## MATERIAL PROVIDED
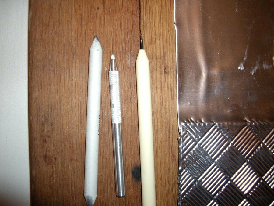 Colocamos el estaño sobre la plantilla, pasamos el difumino para marcarlo, y luego se graba con el buril cada línea del dibujo.
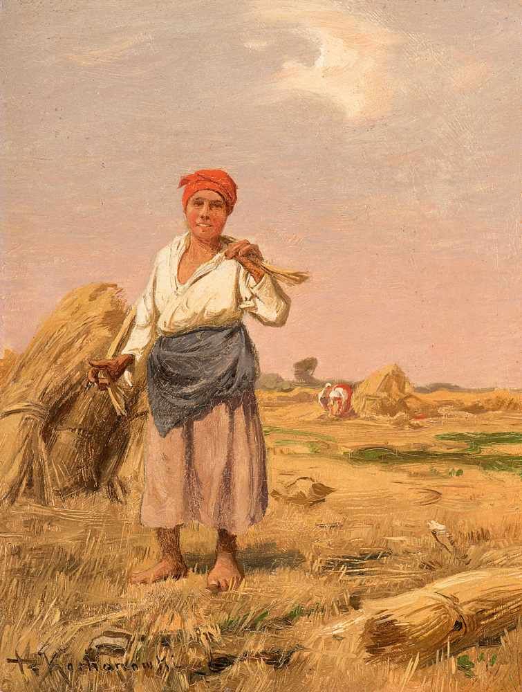 Lot 3482. Kochanowski, Roman 1857 Krakow – 1945 Freising. Hay harvest. Oil on panel. Signed lower left. H 26,5, W 20 cm. Reserve 1,000 euro. Kaupp. 10/20/18
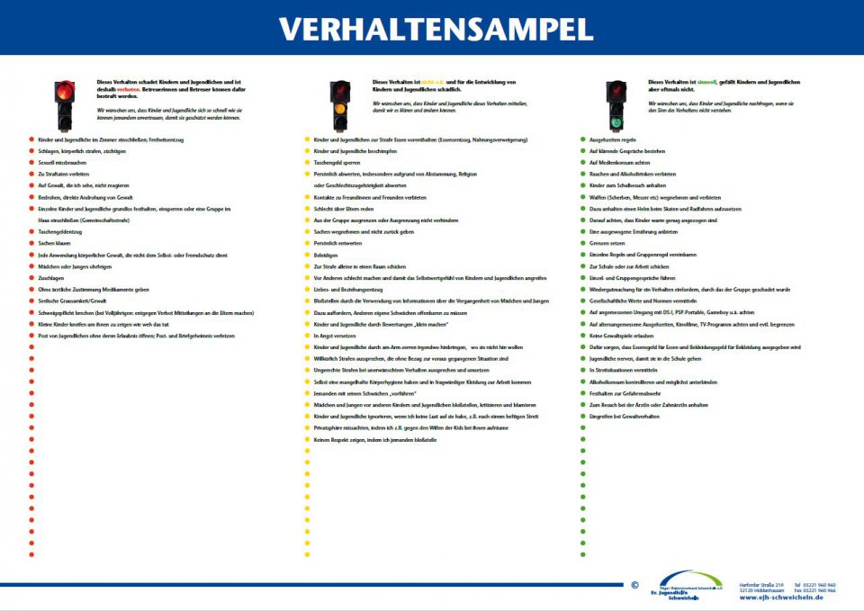 Zum Thema grenzwahrender Umgang im pädagogischen Alltag hat die Ev. Jugendhilfe Schweicheln im Rahmen eines breiten Fortbildungsprojekts unter der Beteiligung von Kindern und Jugendlichen eine „Verhaltensampel“ für Mitarbeitende erstellt.

## EXERCISE DETAILS
Write out the listing above exactly as it stands, pictures excluded.

## RESPONSE FOR THIS EXERCISE
 Colocamos el estaño sobre la plantilla, pasamos el difumino para marcarlo, y luego se graba con el buril cada línea del dibujo.
 Lot 3482. Kochanowski, Roman 1857 Krakow – 1945 Freising. Hay harvest. Oil on panel. Signed lower left. H 26,5, W 20 cm. Reserve 1,000 euro. Kaupp. 10/20/18
 Zum Thema grenzwahrender Umgang im pädagogischen Alltag hat die Ev. Jugendhilfe Schweicheln im Rahmen eines breiten Fortbildungsprojekts unter der Beteiligung von Kindern und Jugendlichen eine „Verhaltensampel“ für Mitarbeitende erstellt.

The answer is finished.